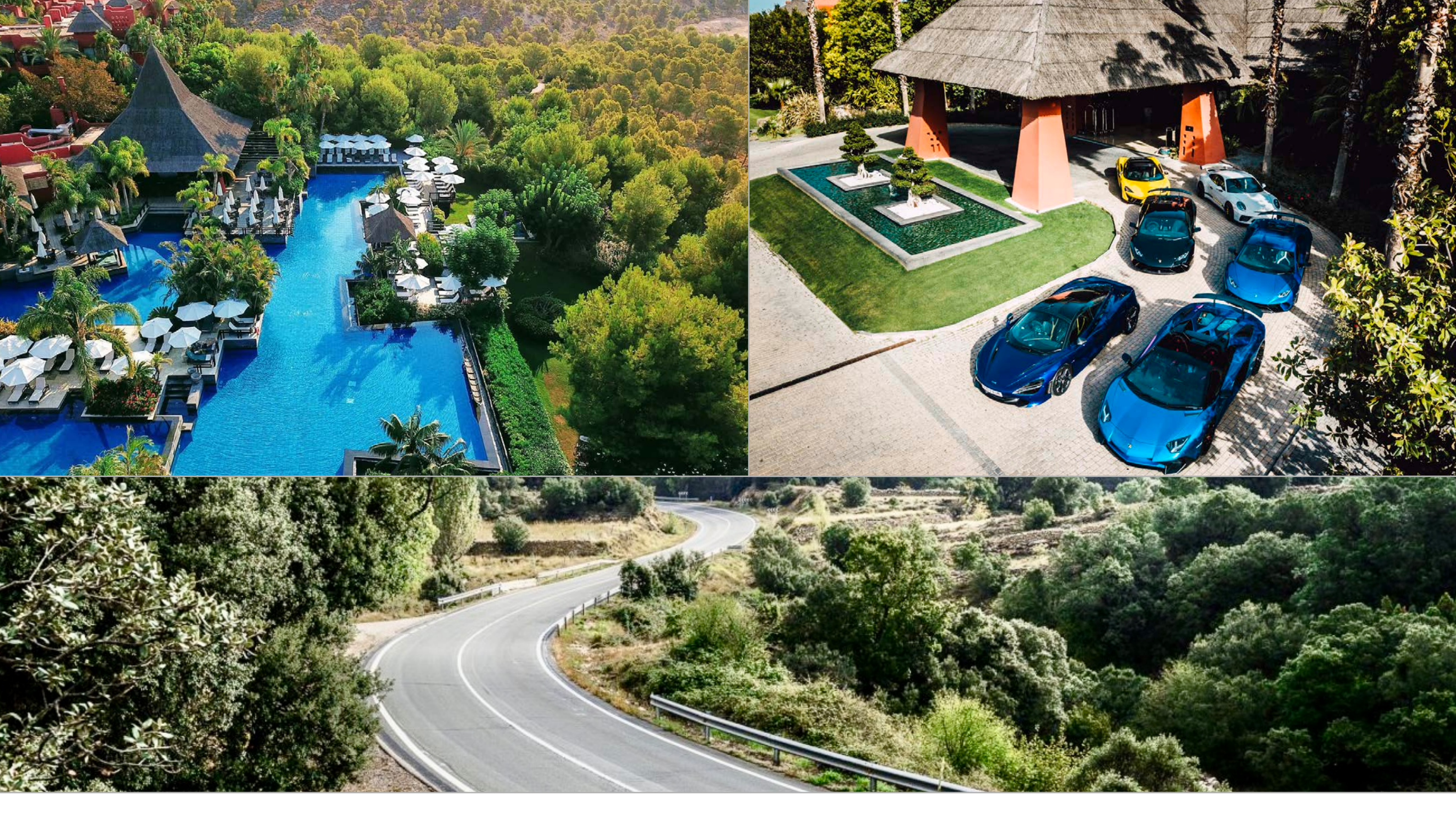
Wednesday 25th September
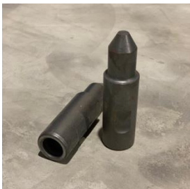
354516 Rod adaptor 32 x 150 flush top to 25 ET right
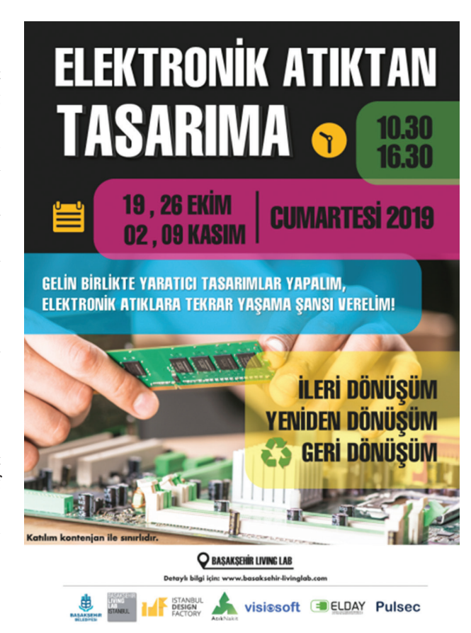
Fig. 3. The poster for the workshop announcement

The workshop series, as well as the questionnaire was attended by a total of 48 people. According to the answers of the first section, 22 of the attendees were male, and 26 were female. 39 attendees were at undergraduate level, as 9 were high school graduates. Regarding the age of the
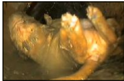
"Dyno" being gently pushed along pipe.
● ● ● ● ● ● ●
Work request: Provide the count of lines above that contain "workshop", without any other words.

Output below: 2